Re: [Ocfs2-devel] [PATCH v2] ocfs2: Fix handle refcount leak in two exception handling paths
From: Wengang Wang
Date: Fri Sep 10 2021 - 13:01:22 EST
> On Sep 9, 2021, at 6:53 PM, Joseph Qi <joseph.qi@xxxxxxxxxxxxxxxxx> wrote:
>
>
>
> On 9/10/21 1:48 AM, Wengang Wang wrote:
>>
>>
>> On Sep 9, 2021, at 4:07 AM, Joseph Qi <joseph.qi@xxxxxxxxxxxxxxxxx<mailto:joseph.qi@xxxxxxxxxxxxxxxxx>> wrote:
>>
>> Hi Wengang,
>>
>> On 9/9/21 1:12 AM, Wengang Wang wrote:
>> Hi,
>>
>> Sorry for late involving, but this doesn’t look right to me.
>>
>> On Sep 8, 2021, at 3:51 AM, Joseph Qi <joseph.qi@xxxxxxxxxxxxxxxxx<mailto:joseph.qi@xxxxxxxxxxxxxxxxx>> wrote:
>>
>>
>>
>> On 9/8/21 6:20 PM, Chenyuan Mi wrote:
>> The reference counting issue happens in two exception handling paths
>> of ocfs2_replay_truncate_records(). When executing these two exception
>> handling paths, the function forgets to decrease the refcount of handle
>> increased by ocfs2_start_trans(), causing a refcount leak.
>>
>> Fix this issue by using ocfs2_commit_trans() to decrease the refcount
>> of handle in two handling paths.
>>
>> Signed-off-by: Chenyuan Mi <cymi20@xxxxxxxxxxxx<mailto:cymi20@xxxxxxxxxxxx>>
>> Signed-off-by: Xiyu Yang <xiyuyang19@xxxxxxxxxxxx<mailto:xiyuyang19@xxxxxxxxxxxx>>
>> Signed-off-by: Xin Tan <tanxin.ctf@xxxxxxxxx<mailto:tanxin.ctf@xxxxxxxxx>>
>>
>> Reviewed-by: Joseph Qi <joseph.qi@xxxxxxxxxxxxxxxxx<mailto:joseph.qi@xxxxxxxxxxxxxxxxx>>
>> ---
>> fs/ocfs2/alloc.c | 2 ++
>> 1 file changed, 2 insertions(+)
>>
>> diff --git a/fs/ocfs2/alloc.c b/fs/ocfs2/alloc.c
>> index f1cc8258d34a..b05fde7edc3a 100644
>> --- a/fs/ocfs2/alloc.c
>> +++ b/fs/ocfs2/alloc.c
>> @@ -5940,6 +5940,7 @@ static int ocfs2_replay_truncate_records(struct ocfs2_super *osb,
>> status = ocfs2_journal_access_di(handle, INODE_CACHE(tl_inode), tl_bh,
>> OCFS2_JOURNAL_ACCESS_WRITE);
>> if (status < 0) {
>> + ocfs2_commit_trans(osb, handle);
>> mlog_errno(status);
>> goto bail;
>> }
>> @@ -5964,6 +5965,7 @@ static int ocfs2_replay_truncate_records(struct ocfs2_super *osb,
>> data_alloc_bh, start_blk,
>> num_clusters);
>> if (status < 0) {
>> + ocfs2_commit_trans(osb, handle);
>>
>> As a transaction, stuff expected to be in the same handle should be treated as atomic.

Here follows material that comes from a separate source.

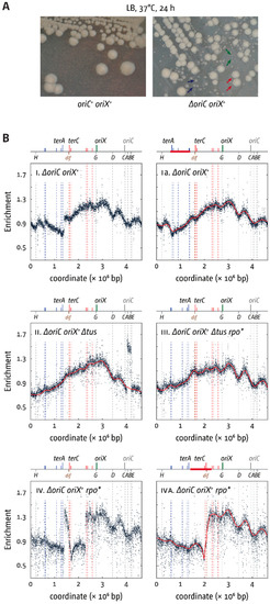 Growth and replication profiles of E. coli cells replicating from a single ectopic replication origin. (A) Large colony variants due to accumulation of suppressor mutations in ΔoriC oriX+ cells. Shown is a streak to single colonies of an overnight culture of both constructs. While an oriC+ oriX+ strain shows largely uniform colony sizes with only some variation due to colony density, a ΔoriC oriX+ construct shows small, medium, and large colonies, as highlighted by green, blue, and red arrows, respectively. The strains used were JD1181 (oriC+ oriX+) and JD1187 (∆oriC oriX+). (B) Replication profiles of E. coli cells with a single ectopic replication origin. Shown is the MFA of E. coli ΔoriC oriX+, ΔoriC oriX+ ∆tus, ΔoriC oriX+ rpo*, and ΔoriC oriX+ ∆tus rpo* cells. The number of reads (normalised against reads for a stationary phase wild-type control) is plotted against the chromosomal location. A schematic representation of the E. coli chromosome showing positions of oriC and oriZ (green line) and ter sites (above), as well as dif and rrn operons A–E, G, and H (below), is shown above the plotted data. Clear discontinuities of the profiles can be seen in panels i, ii, and iv. For panels i and iv, these are due to large inversions, as highlighted by the continuous replication profile that results if the area highlighted in red in the schematic representation of the chromosome is inverted. The strains used were JD1187 (ΔoriC oriX+), JD1208 (ΔoriC oriX+ ∆tus), JD1197 (ΔoriC oriX+ rpo*), and JD1209 (ΔoriC oriX+ ∆tus rpo*).

>> Here the stuff includes the tl_bh and other metadata block which will be modified in ocfs2_free_clusters().
>> Coming here, some of related meta blocks may be in the handle but others are not due to the error happened.
>> If you do a commit, partial meta blocks are committed to log. — that breaks the atomic idea, it will cause FS inconsistency.
>> So what’s reason you want to commit the meta block changes, which is not all of expected, in this handle to journal log?
>>
>> Do you really see a hit on the failure? or just you detected the refcount leak by code review?
>>
>> You may want to look at ocfs2_journal_dirty() for the error handling part.
>>
>>
>> For the first error handling, since we don't call ocfs2_journal_dirty()
>> yet, so won't be a problem.
>> For the second error handling, I think we don't have a better way. Look
>> at other callers of ocfs2_free_clusters(), we simply ignore the error
>> code.
>> Anyway, we should commit transaction if starts, otherwise journal will
>> be abnormal.
>>
>> I don't think so. If error happened, we should fail ocfs2, rather than do a partial committing.
>>
>
> Umm... not exactly...
> Take ocfs2_free_clusters() for example, when it fails in case of EIO or
> ENOMEM, we can't just abort journal in such cases, because it is not so
> serious, only a bit blocks still occupied and they will recovery during
> the next mount.
So are you sure a partial journal commitment won’t cause FS inconsistency? any proof for that?
Problem is not just if we can try to free the blocks again or not. The problem is FS in inconsistent state.
I didn’t look into ocfs2_free_clusters() further, but can image this case:
1) We are going to free some clusters/blocks.
2) We may need a new (not merging into existing) record to remember the new free extent.
3) The new record needs to be inserted into free extent tree.
4) the block (block A) where the new record to be inserted could be already full thus no space for the new record.
5) then we need at least a new block (block B) to store the new record. (to maintain the free block btree, maybe another block, block C is needed too).
6) So we need to save the pointer (block number) of block B in block A and store the new record in block B.
7) In this case we need to make sure block A and block B either both in journal log, or none of them in journal log. We don’t allow block A is in journal bot block B is not, right?
go back to question, Error could after block B is added to journal handle but before block A is added. In case we do a journal commit when hitting that error, we are committing block B to journal but leaving block A not in.
If panic happened, block A could never has the pointer pointing to block B. The result is block B is permanently lost (we can never reuse this block again).
Or if we add block A to journal first before adding block B and error happens After block A is added and before block B is added. Then we have the pointer pointing to block B in block A after panic, but block B doesn’t contain valid contents. The result is that we will hit problem when visiting block B as a valid btree block.
> That's why we have "errors=continue" in most filesystems, we should always
> consider the business continuity first.
> Also you can look at ext4_free_blocks() for reference.
OCFS2 doesn’t support ERRORS_CONT, or to say it just ignore that option. No matter ERRORS_CONT is supported or not by OCFS2,
The key is not to leave the FS in inconsistent state.
thanks,
wengang